Témoignages de CIGALES

Portrait de cigalier
Alain Kressmann, gérant de la CIGALES Duroc

L'entrée dans le monde des CIGALES

Alain Kressmann n'est pas nouveau dans le monde des CIGALES. à la fin des années 90, il participe à des cercles de réflexion politique. à cette occasion il rencontre de nombreuses personnes impliquées dans la finance solidaire, et notamment Dominique Carliez, actuel cigalier et président d'honneur du conseil de surveillance de Garrigue.
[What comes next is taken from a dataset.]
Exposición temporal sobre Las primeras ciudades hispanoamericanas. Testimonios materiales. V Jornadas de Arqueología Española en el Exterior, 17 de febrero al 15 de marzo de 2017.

Très vite, Alain s'intéresse de plus près au mouvement. Il entrevoit dans celui-ci une autre manière de faire de l'économie, répondant alors au malaise persistant qu'il éprouve par rapport au « business conventionnel ». « Exerçant ses responsabilités dans des conditions et pour des objectifs générant pas mal de frustrations », il trouve dans les CIGALES un moyen d'équilibrer sa vie.

De Alma à Duroc..

L'aventure commence alors : avec Dominique Carliez et d'autres amis, ils créent en 1997 la CIGALES Alma, en référence à la position géographique de chacun. Suivent ensuite Concorde et Duroc. Cette dernière est toujours active: elle regroupe 20 personnes dans une parité parfaite et ses membres se réunissent une fois par mois. Alain en est le gérant. Il est donc chargé de préparer et d'animer les réunions de sa CIGALES et d'en rédiger les comptes rendus. Il participe aux bourses aux projets ainsi qu'à des manifestations diverses et variées. Cependant, Alain prend plaisir à déléguer, car la fonction peut se révéler lourde à porter.
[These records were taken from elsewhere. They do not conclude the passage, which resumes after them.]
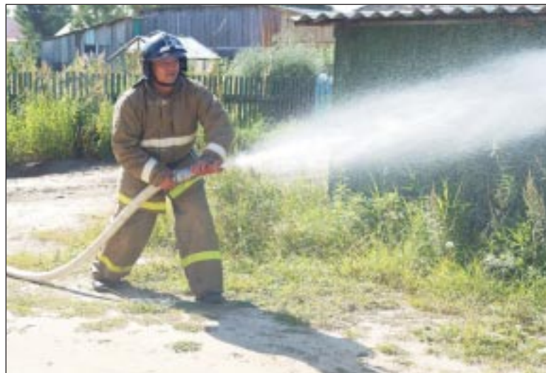
Пожарные ликвидируют очаг возгорания.

хомович. - Высокая оценка учений - это признательность вашей работы. Предполагался наихудший сценарий с тяжелыми условиями, поэтому мы не случайно выбрали именно левый берег Увата и многоквартирный дом. Люди везде должны чувствовать свою защищенность. Хотя не скрою, что нам приходилось подсказывать руководителям групп некоторые их действия, но это были незначительные замечания. Службы спасения и вспомогательные организации к ликвидации ЧС на территории Уватского района готовы.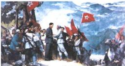
图一 井冈山会师 (油画)

(1)指出在图一所反映的历史事件发生后，形成的中国工农红军第一支坚强部队的名称。两幅图片所反映的历史事件有何共同的历史作用？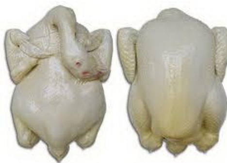
ภาพ 9 ไก่คู่

Une expérience jugée positive, sans pour autant nier les difficultés

En effet, tout n'est pas rose dans le monde des CIGALES. Le principe d'éducation populaire qui caractérise les CIGALES est à double tranchant : en s'intéressant à des domaines avec lesquels ils ne sont pas forcément familiers, les cigaliers apprennent beaucoup. Mais cela peut aussi leur prendre beaucoup de temps, car au début, l'efficacité n'est pas forcément au rendez-vous.  Par ailleurs, cette synergie d’apprentissages ne peut fonctionner qu’avec un bon niveau d’assiduité et d’implication, ce qui, selon Alain, est loin d’être la règle. L'accompagnement fourni aux créateurs d'entreprises peut alors en pâtir. Il déplore aussi les difficultés de coordination entre les différentes CIGALES, tant dans l’approche d’un projet que lorsque celles-ci cofinancent une même entreprise.

Toutefois, Alain ne regrette rien, bien au contraire. Les difficultés existent, mais elles sont largement détrônées par les points positifs. Comme il le dit, « il n'y a pas beaucoup d'activités qui rapprochent argent et bénévolat. C'est assez atypique, original. », et ce sont surtout « des valeurs et des méthodes d'apprentissage » qu'il n'a pu retrouver « nulle part ailleurs ». Il n'est pas prêt  d'abandonner, et souhaite participer à la fondation d’une autre CIGALES après le passage en gestion de Duroc fin 2012.